Information provided:
──────────────────────────────
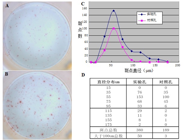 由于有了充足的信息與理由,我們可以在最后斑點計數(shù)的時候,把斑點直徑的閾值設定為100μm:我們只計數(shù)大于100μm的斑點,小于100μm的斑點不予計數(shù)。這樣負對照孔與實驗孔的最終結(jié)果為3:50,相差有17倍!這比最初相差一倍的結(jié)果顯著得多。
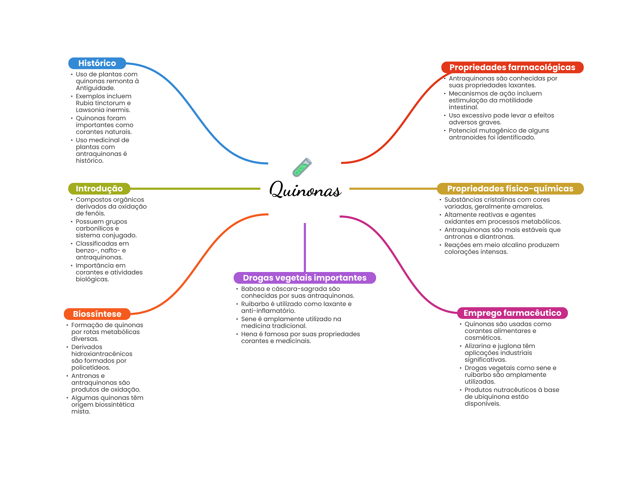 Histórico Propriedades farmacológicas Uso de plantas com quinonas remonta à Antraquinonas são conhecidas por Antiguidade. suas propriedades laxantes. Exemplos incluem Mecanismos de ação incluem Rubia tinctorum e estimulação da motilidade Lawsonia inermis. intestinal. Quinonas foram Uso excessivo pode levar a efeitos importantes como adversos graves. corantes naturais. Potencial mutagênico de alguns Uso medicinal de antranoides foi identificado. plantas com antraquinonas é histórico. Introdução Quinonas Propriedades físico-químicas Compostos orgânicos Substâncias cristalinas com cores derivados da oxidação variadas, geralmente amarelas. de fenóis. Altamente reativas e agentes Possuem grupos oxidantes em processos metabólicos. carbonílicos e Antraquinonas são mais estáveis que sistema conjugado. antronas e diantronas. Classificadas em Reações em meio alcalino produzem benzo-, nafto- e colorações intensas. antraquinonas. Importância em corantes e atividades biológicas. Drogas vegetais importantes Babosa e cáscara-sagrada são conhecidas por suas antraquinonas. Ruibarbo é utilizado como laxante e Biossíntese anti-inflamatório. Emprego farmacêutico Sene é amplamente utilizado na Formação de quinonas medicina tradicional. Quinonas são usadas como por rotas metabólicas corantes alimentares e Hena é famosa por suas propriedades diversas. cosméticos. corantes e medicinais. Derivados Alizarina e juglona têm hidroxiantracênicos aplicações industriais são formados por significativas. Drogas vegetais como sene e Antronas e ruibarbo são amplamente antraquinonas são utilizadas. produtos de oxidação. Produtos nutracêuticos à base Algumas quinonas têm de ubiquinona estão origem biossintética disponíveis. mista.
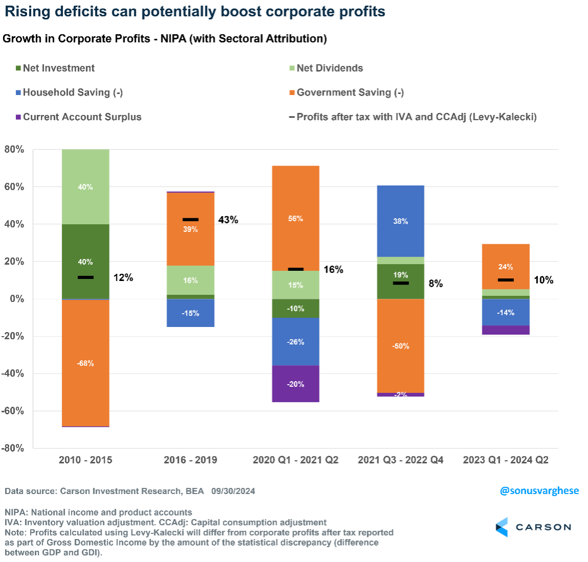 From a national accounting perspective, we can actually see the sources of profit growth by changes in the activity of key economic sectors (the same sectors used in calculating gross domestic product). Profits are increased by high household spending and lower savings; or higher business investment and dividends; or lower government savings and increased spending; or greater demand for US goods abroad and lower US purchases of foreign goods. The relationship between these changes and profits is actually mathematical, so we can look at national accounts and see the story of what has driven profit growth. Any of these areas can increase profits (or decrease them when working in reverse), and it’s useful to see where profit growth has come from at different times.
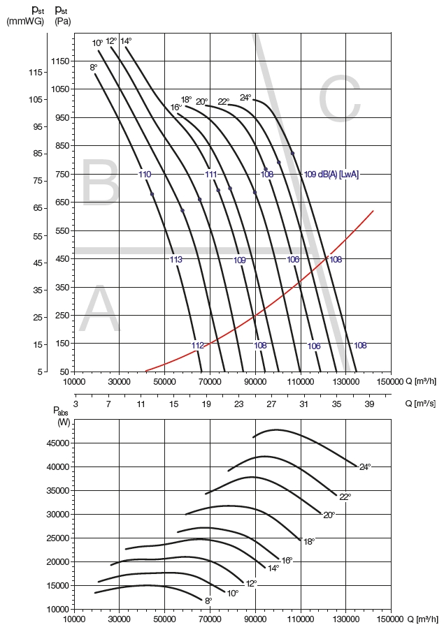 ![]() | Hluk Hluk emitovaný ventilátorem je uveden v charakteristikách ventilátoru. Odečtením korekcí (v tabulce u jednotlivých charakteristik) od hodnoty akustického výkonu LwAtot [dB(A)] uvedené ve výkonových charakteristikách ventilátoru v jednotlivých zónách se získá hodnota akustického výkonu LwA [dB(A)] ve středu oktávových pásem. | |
──────────────────────────────
Exercise instructions:
The answer must be the data above, repeated exactly, with no pictures.

Expected output:
 由于有了充足的信息與理由,我們可以在最后斑點計數(shù)的時候,把斑點直徑的閾值設定為100μm:我們只計數(shù)大于100μm的斑點,小于100μm的斑點不予計數(shù)。這樣負對照孔與實驗孔的最終結(jié)果為3:50,相差有17倍!這比最初相差一倍的結(jié)果顯著得多。
 Histórico Propriedades farmacológicas Uso de plantas com quinonas remonta à Antraquinonas são conhecidas por Antiguidade. suas propriedades laxantes. Exemplos incluem Mecanismos de ação incluem Rubia tinctorum e estimulação da motilidade Lawsonia inermis. intestinal. Quinonas foram Uso excessivo pode levar a efeitos importantes como adversos graves. corantes naturais. Potencial mutagênico de alguns Uso medicinal de antranoides foi identificado. plantas com antraquinonas é histórico. Introdução Quinonas Propriedades físico-químicas Compostos orgânicos Substâncias cristalinas com cores derivados da oxidação variadas, geralmente amarelas. de fenóis. Altamente reativas e agentes Possuem grupos oxidantes em processos metabólicos. carbonílicos e Antraquinonas são mais estáveis que sistema conjugado. antronas e diantronas. Classificadas em Reações em meio alcalino produzem benzo-, nafto- e colorações intensas. antraquinonas. Importância em corantes e atividades biológicas. Drogas vegetais importantes Babosa e cáscara-sagrada são conhecidas por suas antraquinonas. Ruibarbo é utilizado como laxante e Biossíntese anti-inflamatório. Emprego farmacêutico Sene é amplamente utilizado na Formação de quinonas medicina tradicional. Quinonas são usadas como por rotas metabólicas corantes alimentares e Hena é famosa por suas propriedades diversas. cosméticos. corantes e medicinais. Derivados Alizarina e juglona têm hidroxiantracênicos aplicações industriais são formados por significativas. Drogas vegetais como sene e Antronas e ruibarbo são amplamente antraquinonas são utilizadas. produtos de oxidação. Produtos nutracêuticos à base Algumas quinonas têm de ubiquinona estão origem biossintética disponíveis. mista.
 From a national accounting perspective, we can actually see the sources of profit growth by changes in the activity of key economic sectors (the same sectors used in calculating gross domestic product). Profits are increased by high household spending and lower savings; or higher business investment and dividends; or lower government savings and increased spending; or greater demand for US goods abroad and lower US purchases of foreign goods. The relationship between these changes and profits is actually mathematical, so we can look at national accounts and see the story of what has driven profit growth. Any of these areas can increase profits (or decrease them when working in reverse), and it’s useful to see where profit growth has come from at different times.
 ![]() | Hluk Hluk emitovaný ventilátorem je uveden v charakteristikách ventilátoru. Odečtením korekcí (v tabulce u jednotlivých charakteristik) od hodnoty akustického výkonu LwAtot [dB(A)] uvedené ve výkonových charakteristikách ventilátoru v jednotlivých zónách se získá hodnota akustického výkonu LwA [dB(A)] ve středu oktávových pásem. | |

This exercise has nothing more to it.